“Blimey. That’s one big woman.”
My mother is 5 feet, 3 inches tall, and my father is 6 feet, 4 inches. Unfortunately for me, I got my height from my dad. I’m 5 feet,10 inches and best described as “having legs for days.” Because of my giant genes, my jeans must be ordered extra long and my shoes extra flat. However, when I feel like being intimidating, I put on my tallest heels and approach a towering 6 feet, 2 inches.
Sure, my long legs come in handy when I’m running late and need to be somewhere quickly, or when I’m at a concert and don’t have to worry about my view being blocked. But when it comes to dating, I used to wish I was a 5-foot shorty like my mother.
But now, I have come to accept that I will likely not date anyone taller than me. Tall men love the 5-footers. Maybe the height difference is some kind of boost to their masculinity? Men subconsciously search for dainty and small women to domesticate. Well, I have never been described as dainty or small, so I hate to disappoint you boys; you can exit this article now.
On the opposite end, most women don’t want a short guy. Again, subconsciously, women are looking for that power difference. Maybe to feel safe? To match the heteronormative status quo? My anger issues and uppercut hook make me feel safe enough, thank you very much.
What I’m trying to say is that tall women and short men really aren’t that different when it comes to dating. We’re both romantic rejects.
So, my modest proposal is that tall women and short men should start seeing their commonalities and give love a chance. Of course, attraction is not something you choose. If we could choose who we like, we wouldn’t have those embarrassing moments when you show your friend the guys you’ve talked to in the past, and they respond with “as long as you’re happy.” It’s OK, everyone regrets their past crushes.
But nonetheless, don’t let height be a deal breaker. I can tell you most people who know they’re hot stuff are usually the worst people to date. And I’m sorry, tall boys and short girls know they’re in demand and act accordingly. Whereas a romantic reject will be more humble, oftentimes more genuine and more appreciative of the moments they get to spend with you.
We know we’re not what the general population is looking for. So, we won’t act like douchebags. Of course, there’s always outliers, and it is really tough to get played by someone 2 feet shorter than you, but hey, love is a battlefield. Plus, it makes the breakup easier when you can say you were taller than them. Or when you can check off your list that you were powerful enough to pull a tall woman at one point in your life. Both forms of coping have merit in different ways.
Look at Donkey from “Shrek.” The love of his life is five times taller than him and a different species entirely, and they’re couple goals.

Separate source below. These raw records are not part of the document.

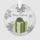 Decore su árbol esta temporada de vacaciones con un adorno de vacaciones de Navidades verdes. El diseño de los adornos incluye un regalo de Navidades envueltos y vibrante adornado con copos de nieve grises y blancos sobre un fondo gris. También hay artículos de regalo y de vacaciones disponibles con este diseño.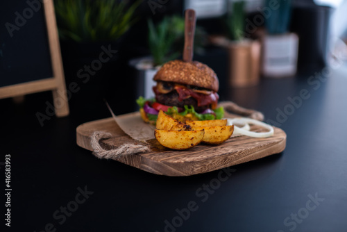 Delicious grilled hamburger and organic vegetables. Homemade beef burgers with grilled beef, mushrooms, lettuce, red onion, tomatoes and sauce on wooden cutting board as well as french fries.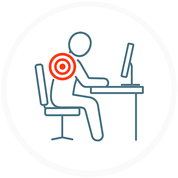 استفاده مکرر از موس و کیبورد و نشستن طولانیمدت باعث فشار مداوم روی عضلات شانه و کتف میشود. این فشار میتواند منجر به التهاب، سفتی عضلات و محدودیت حرکتی شود که عملکرد کارمند را تحت تأثیر قرار میدهد. بسیاری از کارمندان درد شانه و کتف را به عنوان مشکل اصلی تجربه میکنند و نیاز به رسیدگی فوری دارند.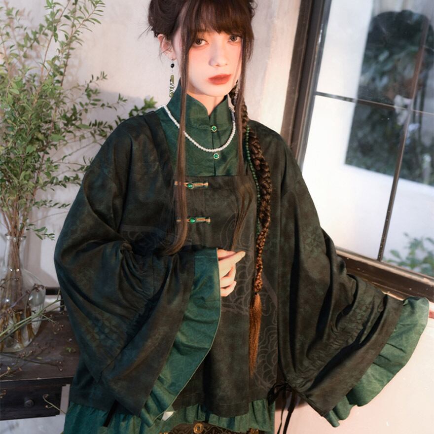 深い翠色がノーブルな印象を与える、サブカル系中華風トップスです。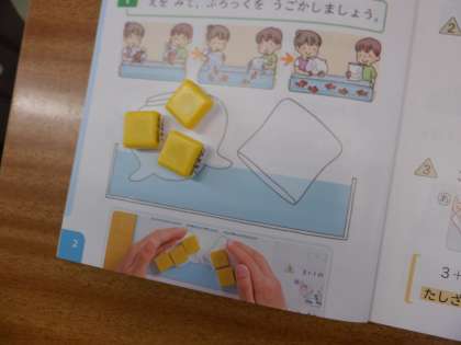 1年算数の学習です。「あわせていくつ」のたし算の学習です。金魚1匹をブロック1つとして、問題に合わせた数のブロックを並べます。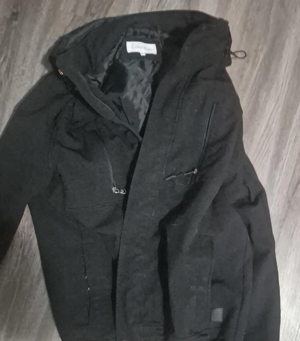 This is a black Calvin Klein hooded jacket. It features a toggle closure and multiple pockets. Material appears to be a blend, with a patterned lining.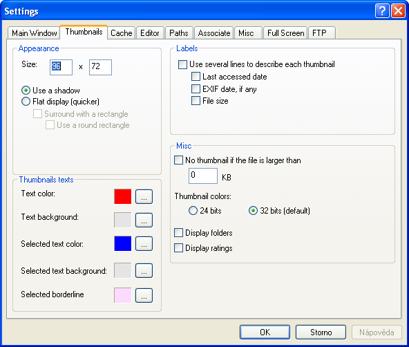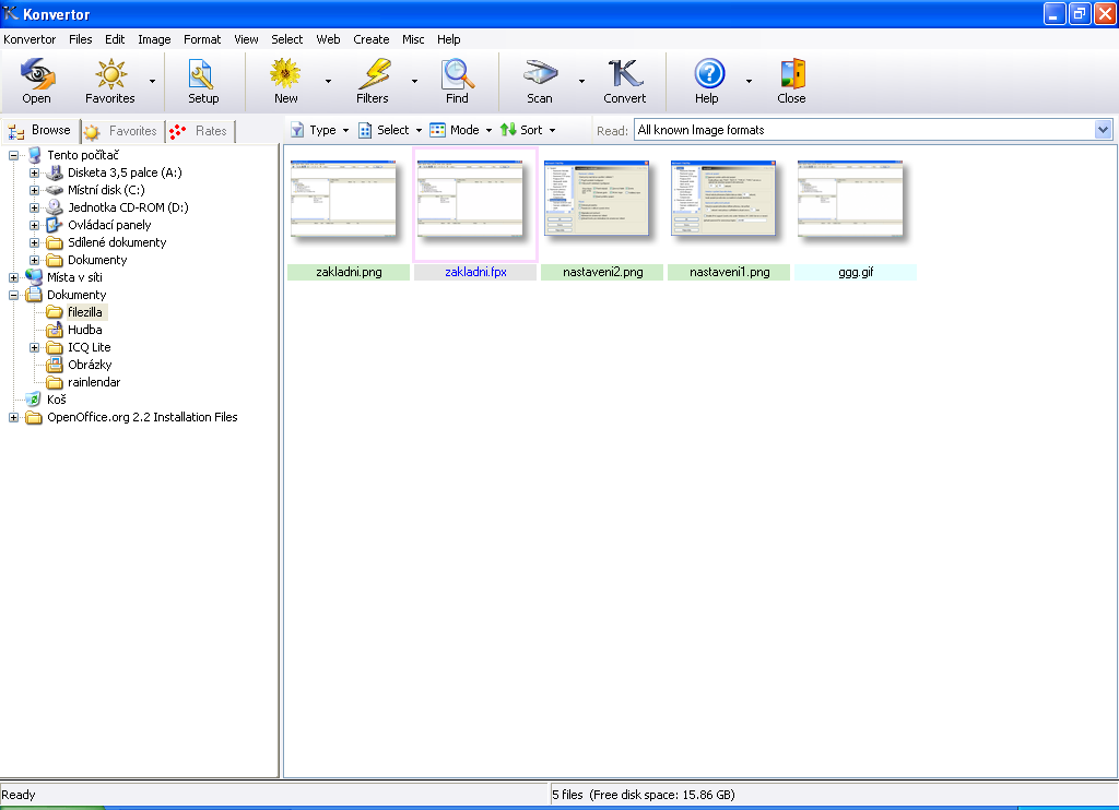 Při prvním spuštění je automaticky otevřeno nastavení, pokud se jím nechceme ihned zabývat, můžeme jej s klidem zavřít, program pro svou činnost žádný uživatelský zásah nepotřebuje. Interface programu je rozděleno do tří oken. V levém okně se nachází stromová struktura lokálních disků, zde vybíráme soubory určené pro zobrazení v okně pravém. Nad zmíněnými okny jsou poměrně velké ikony se základními funkcemi, ještě výše je položen panel s kompletním menu.

We should all hope to find our soulmate whom we create weird half donkey half dragon children with. Is that too much to ask?
I know, tall girls are intimidating. I myself have been told that I am very scary to approach, so boys you might be putting up your defenses in comments saying you don’t want tall women in the first place, but I know you’re all in love with Lady Dimitrescu so that argument is moot. Girls will find it attractive when you are brave, even if we could pick you up and hold you on our hips like a toddler.
There is something irresistible about a man who is confident enough in himself to handle a tall girl like me.
People can get caught up in relationship aesthetics that we can disregard a whole population of people based on their height rather than their character. Height is not something that someone can control, having a bad personality and poor morals is. Are we really going to be that vain to disregard someone based on their height?
I don’t care how attractive you are physically, what’s attractive to me is being a good person and having a sense of humor. Gasp! Who’d’ve thought? You don’t have to be a certain height to garner my affection, you just have to be funny and kind. Some of the worst people I have dated are the ones taller than me. They know they’re tall and desired for it so they end up having little to no personality and even less morals.
All in all, the romantic rejects deserve love too. So girls, the next time a short guy approaches you don’t laugh him off and call him a ‘Farquad’ before you get to know him. And boys, if you see a tall girl, be like Donkey, and conquer that Dragon.
Maddie McMurrough is an agricultural communications and journalism junior and opinion writer for The Battalion.